Use the Shell, Luke

My Bitcricket cohort Robert Bullen couldn't resist the urge to write a column for the Network Guy.  I said "Sure, why not?" and so here it is!  Take it away Robert...

Most of the time, a GUI-based protocol analyzer is the primary weapon in the fight against network issues. It is to the analyst as the Light Saber is to the Jedi. But there is also a lesser known dark side (so called for its typical black background). It goes by many names: the Shell, Terminal, Console, DOS Prompt, or Command Line. This article will introduce you to the power of the dark side, and describe how I was seduced in the heat of one analysis battle in particular.

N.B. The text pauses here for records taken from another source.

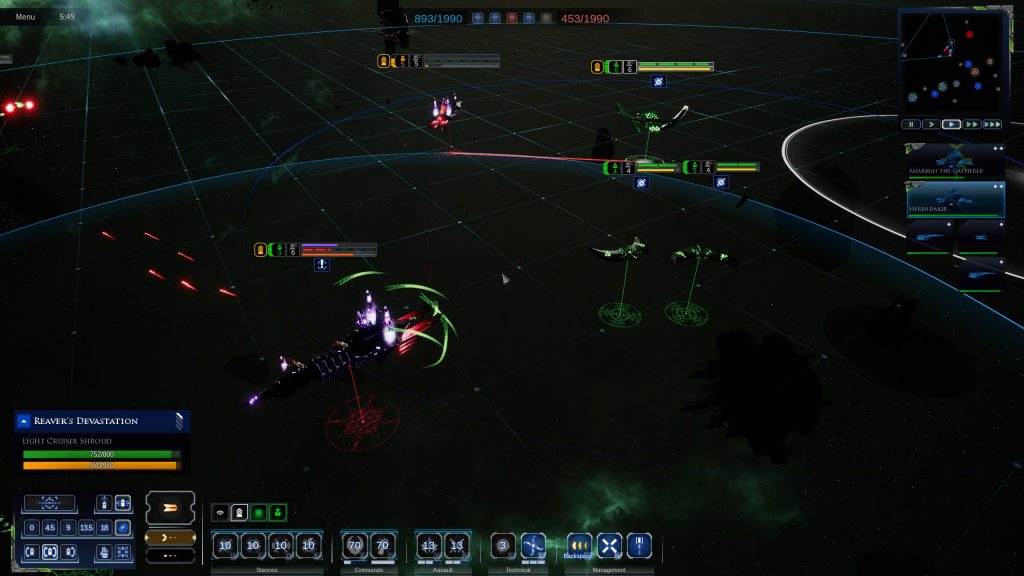 This time around we get three separate single-player campaigns that focus on the Imperium, the Necrons and the scary-ass Tyranids who field massive floating space creatures rather than ships. You can’t access these until you’ve gone through the prologue, though, which focuses on the Imperium and their massive warships. Out of the whopping twelve factions in the game the Imperium is the easiest to grasp, their massive ships capable of taking a pounding while dishing out plenty of damage.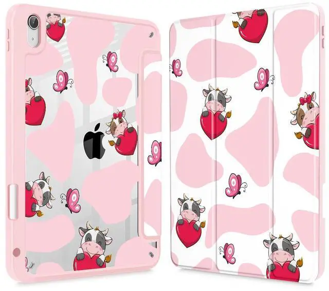 Mektron Case for 2025 iPad 11 inch (A16 Chip) 11th Gen Fit iPad 10th Gen 10.9 inch 2022, Buit in Pencil Holder with Shockproof Cover Clear Shell + Trifold Stand + Auto Wake/Sleep, Butterfly Cow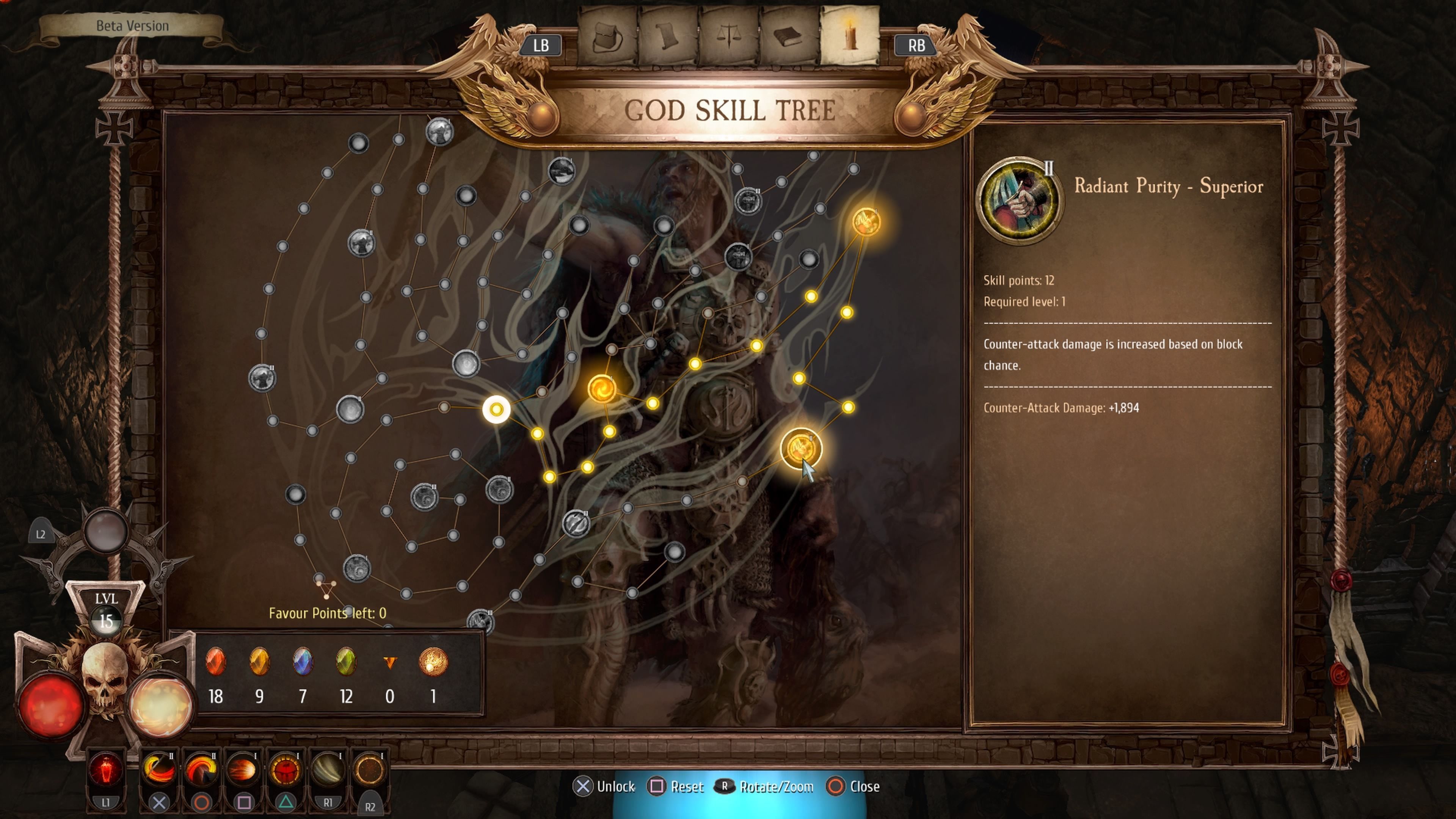 Además de estas habilidades, al alcanzar cierto nivel también podremos acceder a una especie de poderes "divinos", un sistema de habilidades pasivas similar al de Path of Exile mediante el cual deberemos de ir escogiendo si queremos que nuestro personaje sea más resistente, más fuerte o tenga una mayor potencia en sus golpes al contraataque, por poner tres ejemplos.

One of Bitcricket’s recent Enterprise clients was suffering from intermittent printer problems, which was described as everything from printers being slow to printing garbage to widespread outages. Together we identified several potentially interesting printers to be monitored. The client had little in the way of protocol analyzers so using the free Wireshark to capture these printers’ traffic was a no-brainer. Several Wireshark-enabled laptops were attached to switch SPAN ports and configured to capture to disk in ring buffer mode, saving files in 32 MB segments.

What’s that you say? You aren’t a Wireshark user? This article doesn’t apply to you? I disagree. Read on.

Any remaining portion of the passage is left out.